Politiker verwenden und missbrauchen Statistiken und fabrizieren, wenn es ihren Zwecken entspricht. Zeitgenössische Beispiele für bewussten oder unbeabsichtigten Missbrauch von Daten sind auf allen Seiten der politischen Kluft leicht zu finden, von der Trump-Regierung behaupten, US-Grenzbeamte hätten letztes Jahr an der mexikanischen Grenze „fast 4,000 bekannte oder mutmaßliche Terroristen“ festgenommen an den US-Abgeordneten Alexandria Ocasio-Cortezs Dezember-Tweet, der das behauptet "66-Prozent von Medicare for All hätte bereits finanziert werden können", wobei das Geld für die Buchführungsfehler des Pentagon ausgegeben wurde.

Der Begriff des politisch verwandten Lügens mit Zahlen ist schon lange her, zumindest bis Mark Twain in einem 1906-Buch, in dem er sich befindet schrieb dem britischen Premierminister Benjamin Disraeli den Ausdruck "Lügen, verdammte Lügen und Statistiken" zu. Viele andere beanspruchen die Abstammung des Ausdrucks oder werden dafür gebilligt, sie zu prägen.
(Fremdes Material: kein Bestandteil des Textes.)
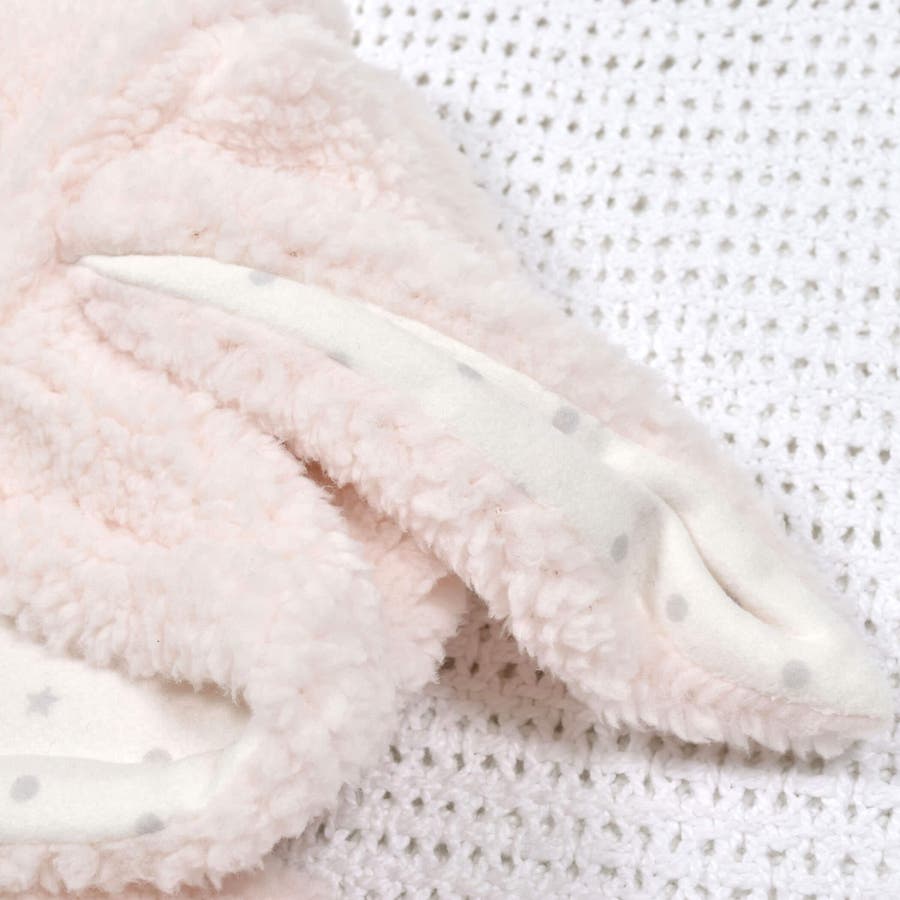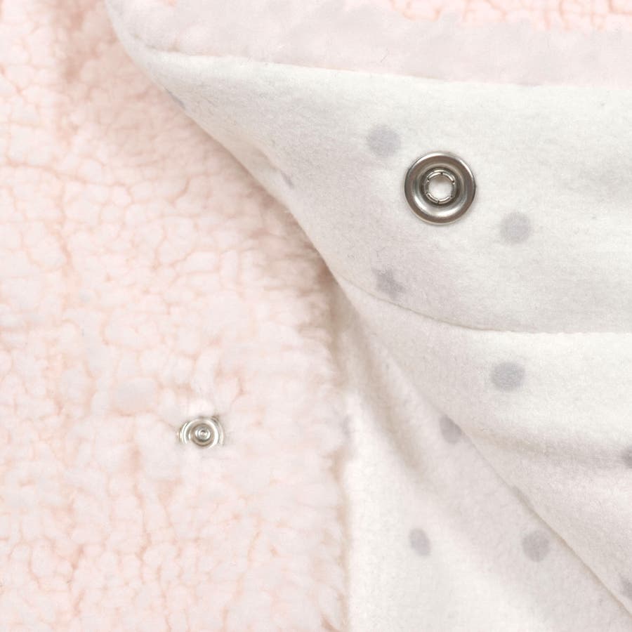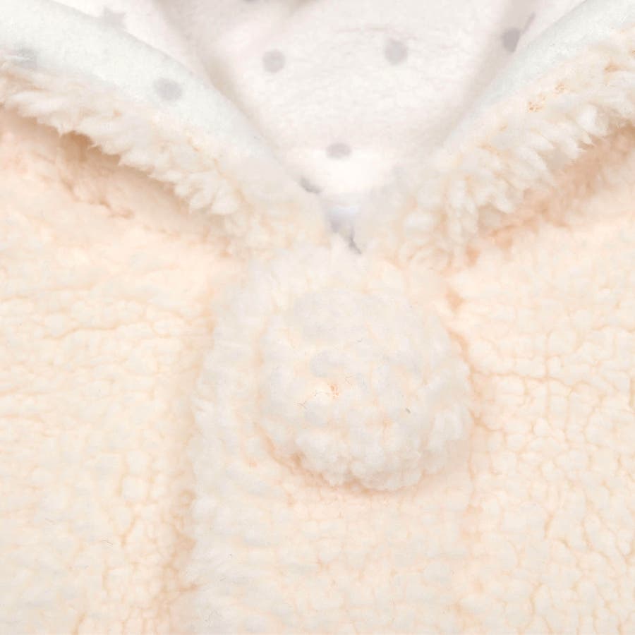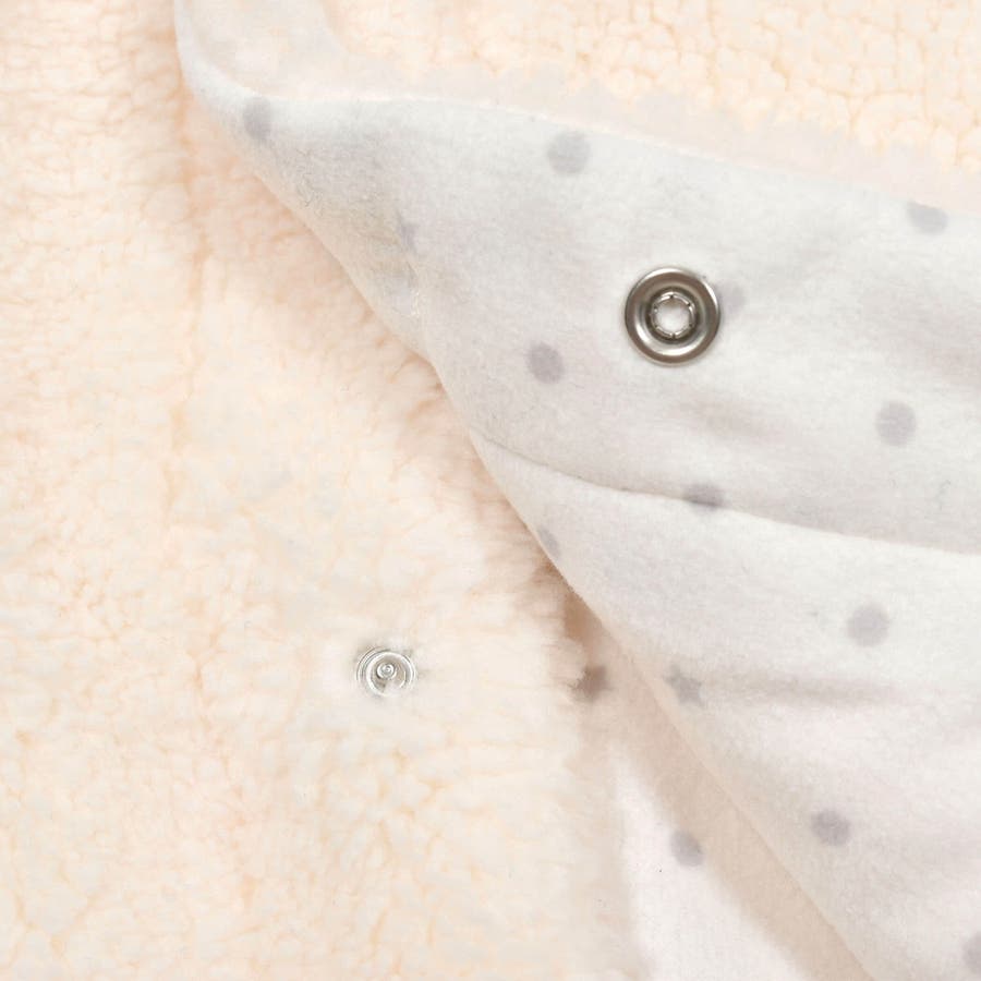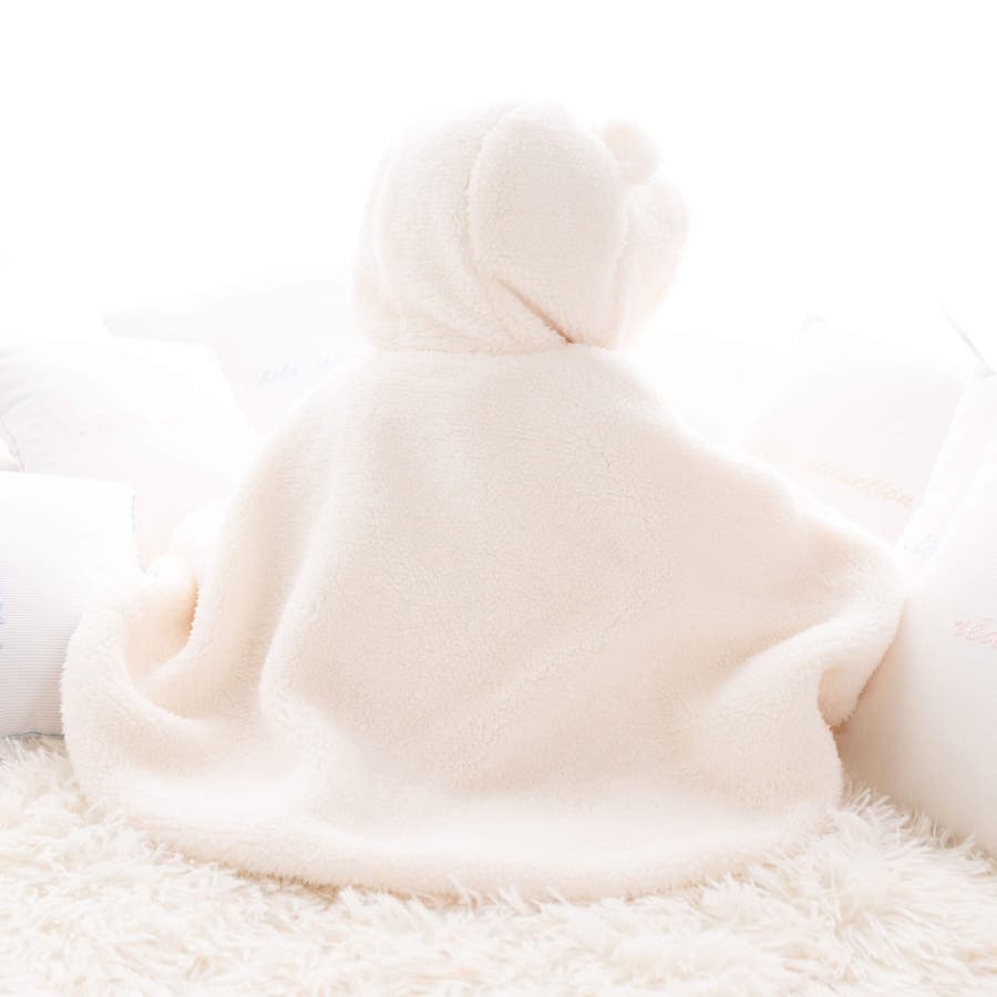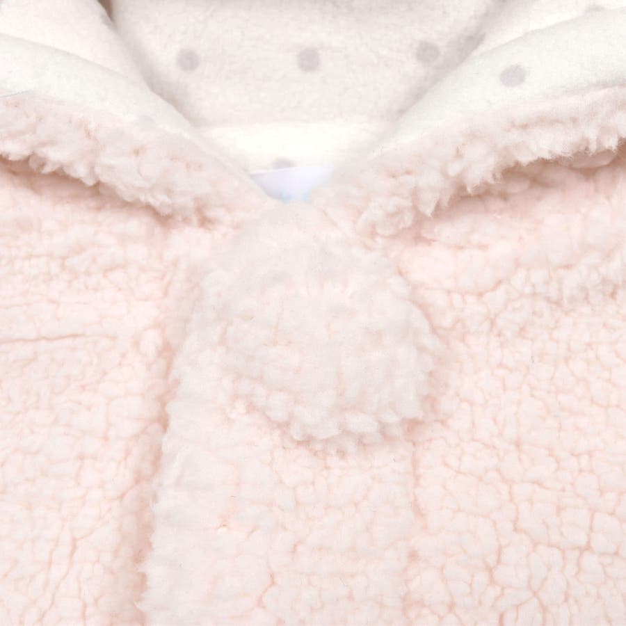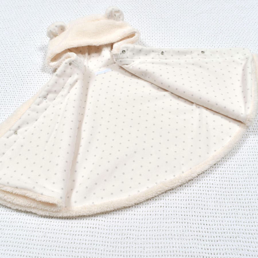 耳が立体になったフードはライトピンク(ピンク)はうさぎさん、アイボリー(オフホワイト)はクマさん、グリーングレー(グリーン)は恐竜になっています。

Ich habe 40 Jahre verbracht Lehren und Publizieren in Politikwissenschaft und Statistikkonzentriert sich darauf, Studenten dabei zu helfen, kritische Denker zu werden. Ich glaube, dass Politiker so leicht mit Lügen davonkommen können, weil die Öffentlichkeit nicht dazu ausgebildet ist, statistische Informationen kritisch zu konsumieren oder sich gegen andere (Un) Informationen zu wehren, die absichtlich irregeführt werden sollen.
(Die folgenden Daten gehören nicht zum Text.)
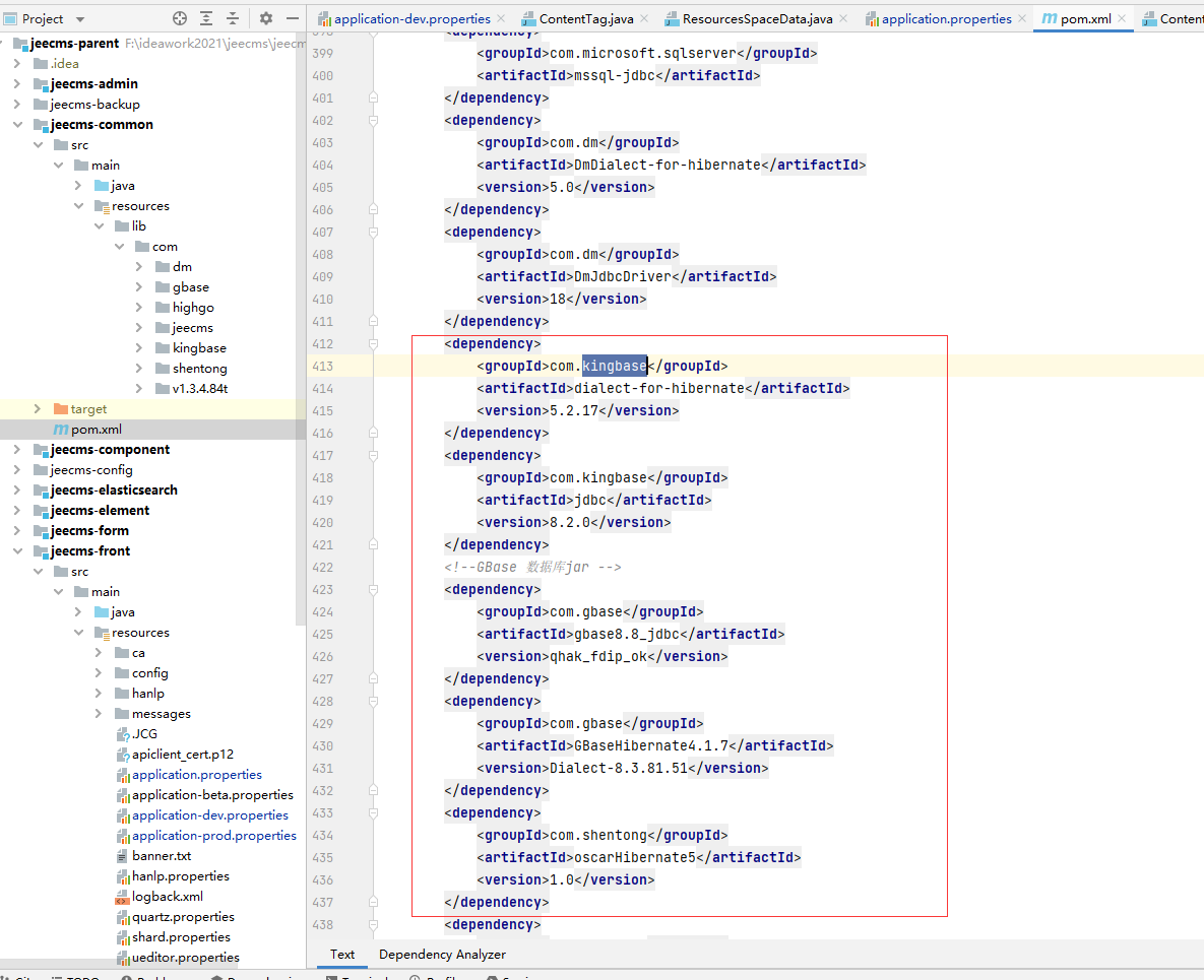 开源版本:jeecmsx1.10.0 打包时报错日志,导致放到tomcat运行也是error in opening zip file [ERROR] 读取/Users/haojie/Environment/apache-maven-3.8.1/maven-repo/com/kingbase/dialect-for-hibernate/5.2.17/dialect-for-hibernate-5.2.17.jar时出错; error in opening zip file [ERROR] 读取/Users/haojie/Environment/apache-maven-3.8.1/maven-repo/com/kingbase/dialect-for-hibernate/5.2.17/dialect-for-hibernate-5.2.17.jar时出错; error in opening zip file /Library/Java/JavaVirtualMachines/jdk1.8.0_291.jdk/Contents/Home/bin/java -Dmaven.multiModuleProjectDirectory=/Users/haojie/IdeaProjects/detention/jeecms-parent -Dmaven.home=/Applications/IntelliJ IDEA.app/Contents/plugins/maven/lib/maven3 -Dclassworlds.conf=/Applications/IntelliJ IDEA.app/Contents/plugins/maven/lib/maven3/bin/m2.conf -Dmaven.ext.class.path=/Applications/IntelliJ IDEA.app/Contents/plugins/maven/lib/maven-event-listener.jar -javaagent:/Applications/IntelliJ IDEA.app/Contents/lib/idea_rt.jar=53912:/Applications/IntelliJ IDEA.app/Contents/bin -Dfile.encoding=UTF-8 -classpath /Applications/IntelliJ IDEA.app/Contents/plugins/maven/lib/maven3/boot/plexus-classworlds.license:/Applications/IntelliJ IDEA.app/Contents/plugins/maven/lib/maven3/boot/plexus-classworlds-2.6.0.jar org.codehaus.classworlds.Launcher -Didea.version=2021.1.2 -s /Users/haojie/Environment/apache-maven-3.8.1/conf/settings.xml -Dmaven.repo.local=/Users/haojie/Environment/apache-maven-3.8.1/maven-repo -DskipTests=true package [INFO] Scanning for projects... [WARNING] [WARNING] Some problems were encountered while building the effective model for com.jeecms:jeecms-component:jar:x1.10.0 [WARNING] 'dependencies.dependency.version' for org.jetbrains:annotations:jar is either LATEST or RELEASE (both of them are being deprecated) @ line 41, column 22 [WARNING] [WARNING] It is highly recommended to fix these problems because they threaten the stability of your build. [WARNING] [WARNING] For this reason, future Maven versions might no longer support building such malformed projects. [WARNING] [INFO] ------------------------------------------------------------------------ [INFO] Reactor Build Order: [INFO] [INFO] jeecms-parent [pom] [INFO] jeecms-common [jar] [INFO] jeecms-component [jar] [INFO] jeecms-mq-thread [jar] [INFO] jeecms-lucene [jar] [INFO] jeecms-admin [jar] [INFO] jeecms-form [jar] [INFO] jeecms-front [war] [INFO] [INFO] ----------------------< com.jeecms:jeecms-parent >---------------------- [INFO] Building jeecms-parent x1.10.0 [1/8] [INFO] --------------------------------[ pom ]--------------------------------- [INFO] [INFO] ----------------------< com.jeecms:jeecms-common >---------------------- [INFO] Building jeecms-common x1.10.0 [2/8] [INFO] --------------------------------[ jar ]--------------------------------- [WARNING] The POM for com.dm:DmDialect-for-hibernate:jar:5.0 is invalid, transitive dependencies (if any) will not be available, enable debug logging for more details [WARNING] The POM for com.dm:DmJdbcDriver:jar:18 is invalid, transitive dependencies (if any) will not be available, enable debug logging for more details [WARNING] The POM for com.kingbase:dialect-for-hibernate:jar:5.2.17 is invalid, transitive dependencies (if any) will not be available, enable debug logging for more details [INFO] [INFO] --- maven-resources-plugin:3.0.2:resources (default-resources) @ jeecms-common --- [INFO] Using 'UTF-8' encoding to copy filtered resources. [INFO] Copying 0 resource [INFO] [INFO] --- maven-compiler-plugin:3.7.0:compile (default-compile) @ jeecms-common --- Downloading from aliyunmaven: https://maven.aliyun.com/repository/spring/org/apache/maven/shared/maven-shared-utils/3.1.0/maven-shared-utils-3.1.0.pom Downloaded from aliyunmaven: https://maven.aliyun.com/repository/spring/org/apache/maven/shared/maven-shared-utils/3.1.0/maven-shared-utils-3.1.0.pom (0 B at 0 B/s) Downloading from aliyunmaven: https://maven.aliyun.com/repository/spring/org/apache/maven/shared/maven-shared-incremental/1.1/maven-shared-incremental-1.1.pom Downloaded from aliyunmaven: https://maven.aliyun.com/repository/spring/org/apache/maven/shared/maven-shared-incremental/1.1/maven-shared-incremental-1.1.pom (0 B at 0 B/s) Downloading from aliyunmaven: https://maven.aliyun.com/repository/spring/org/apache/maven/maven-core/2.2.1/maven-core-2.2.1.pom Downloaded from aliyunmaven: https://maven.aliyun.com/repository/spring/org/apache/maven/maven-core/2.2.1/maven-core-2.2.1.pom (0 B at 0 B/s) Downloading from aliyunmaven: https://maven.aliyun.com/repository/spring/org/apache/maven/maven-plugin-parameter-documenter/2.2.1/maven-plugin-parameter-documenter-2.2.1.pom Downloaded from aliyunmaven: https://maven.aliyun.com/repository/spring/org/apache/maven/maven-plugin-parameter-documenter/2.2.1/maven-plugin-parameter-documenter-2.2.1.pom (0 B at 0 B/s) Downloading from aliyunmaven: https://maven.aliyun.com/repository/spring/org/slf4j/slf4j-jdk14/1.5.6/slf4j-jdk14-1.5.6.pom Downloaded from aliyunmaven: https://maven.aliyun.com/repository/spring/org/slf4j/slf4j-jdk14/1.5.6/slf4j-jdk14-1.5.6.pom (0 B at 0 B/s) Downloading from aliyunmaven: https://maven.aliyun.com/repository/spring/org/slf4j/slf4j-parent/1.5.6/slf4j-parent-1.5.6.pom Downloaded from aliyunmaven: https://maven.aliyun.com/repository/spring/org/slf4j/slf4j-parent/1.5.6/slf4j-parent-1.5.6.pom (0 B at 0 B/s) Downloading from aliyunmaven: https://maven.aliyun.com/repository/spring/org/slf4j/slf4j-api/1.5.6/slf4j-api-1.5.6.pom Downloaded from aliyunmaven: https://maven.aliyun.com/repository/spring/org/slf4j/slf4j-api/1.5.6/slf4j-api-1.5.6.pom (0 B at 0 B/s) Downloading from aliyunmaven: https://maven.aliyun.com/repository/spring/org/slf4j/jcl-over-slf4j/1.5.6/jcl-over-slf4j-1.5.6.pom Downloaded from aliyunmaven: https://maven.aliyun.com/repository/spring/org/slf4j/jcl-over-slf4j/1.5.6/jcl-over-slf4j-1.5.6.pom (0 B at 0 B/s) Downloading from aliyunmaven: https://maven.aliyun.com/repository/spring/org/apache/maven/mav

1. Mangel an statistischen Fähigkeiten

Es ist schwierig, ein kritischer Verbraucher von statistischen Informationen zu sein, da dazu numerische Daten im Kontext verarbeitet werden müssen.

Viele Amerikaner nicht gut mit der Verarbeitung von Informationen über Zahlen und folglich kann schlechte Entscheidungen treffen. Leute, die mehr zählen Sie sind weniger anfällig dafür, zu falschen Schlussfolgerungen geführt zu werden, sind weniger von ihrer Stimmung betroffen und sind sich des Risikos bewusst, das mit Handlungen und Entscheidungen verbunden ist.

Wenn Sie beispielsweise vier Münzen in einer Reihe werfen, wie groß ist die Wahrscheinlichkeit, zwei Köpfe zu bekommen? Die meisten Leute schätzen 50 Prozent. Herauszufinden, dass die Antwort tatsächlich 37.5 ist, erfordert einige Arbeit und ist nicht intuitiv. Das Verständnis, dass ein Lauf von neun aufeinanderfolgenden Schwänzen nicht bedeutet, dass der zehnte Münzwurf wahrscheinlich ein Kopf sein wird.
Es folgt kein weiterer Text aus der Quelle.